Below you can see the humanoid arm with added visualizations for its 32x32 vision and binary touch sensor array. This environment could be used for a variety of tasks (i.e. reinforcement signals), but generally I wanted to focus on curiosity here, i.e. emergent, self-directed tasks in an open-ended, playground-like environment.

Humanoid arm with vision and touch sensor visualization
Humanoid arm with vision and touch sensor visualization

Note: the motor outputs are described here as binary, i.e. applying either zero or some fixed torque at a joint. The document linked here also mentions using "force-limited velocity constraints" (FLVCs), which would use two real values per joint (one to set a desired velocity, and another to set a maximum force output). My original plan was to use FLVCs, but I later switched to binary motors. I made this change because I wanted to keep the raw input/output data as simple as possible (i.e. not requiring a separate control system, even a very simple one like FLVCs). I generally wanted the system to learn any useful transformations directly from the data without any extra help. So, if a FLVC or PID is actually helpful, it would need to construct its own form of these mechanisms internally.

The following images show the Probe connected to Brains driving different versions of the 3D 2-DOF arm: one showing joint angle and goal position sensors, one showing joint angle and vision (pixel array) inputs, and one showing the two motor outputs (labeled "elbow" and "shoulder"):

Probe with 2-DOF arm showing joint angle and goal position
Probe with 2-DOF arm showing joint angle and goal position
Probe with 2-DOF arm showing joint angle and vision
Probe with 2-DOF arm showing joint angle and vision
Probe with 2-DOF arm showing two motor outputs
Probe with 2-DOF arm showing two motor outputs

Finally, here is an example of the Probe connected to the 3D 2-DOF arm (zoomed in here on the proprioception/joint angle modality) with the simulation running in the background:

Probe with 2-DOF arm and simulation running in background
Probe with 2-DOF arm and simulation running in background

December 2020 Update

I've always found biological inspiration to be generally helpful for AI research, especially in the form of broad principles and constraints to help narrow the search space.
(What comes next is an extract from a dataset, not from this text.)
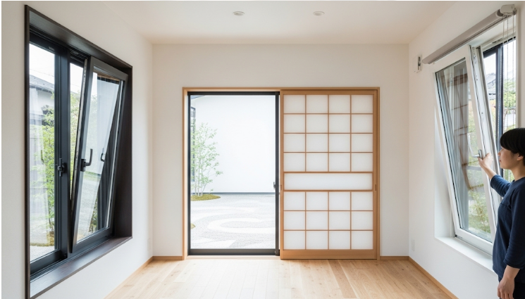 次に、高い気密性と断熱性を求めるのであれば、縦すべり出し窓や横すべり出し窓が有効でしょう。これらの窓は、窓枠全体が壁に密着して閉まるため、引き違い窓に比べて隙間が生じにくく、音や熱の出入りを抑える効果が期待できます。特に縦すべり出し窓は、雨の日でも少し開けて換気ができるというメリットもあり、私は非常に便利だと感じます。

But after finishing the initial version of Sapience in 2009 (both architecture and software implementation), I began to struggle with compromises that were required from trying to maintain both biological realism and functionality.

In 2010 I started investing a lot of time into learning/relearning the fundamentals (math, probabilistic modeling, statistics, etc.) to be able to explore machine learning at a deeper level. By the end of the year, I realized I was gaining more traction as a researcher by focusing on more abstract theoretical principles, so I decided to focus less on the biological aspects of intelligence. My change of focus is described in more detail in the preface here.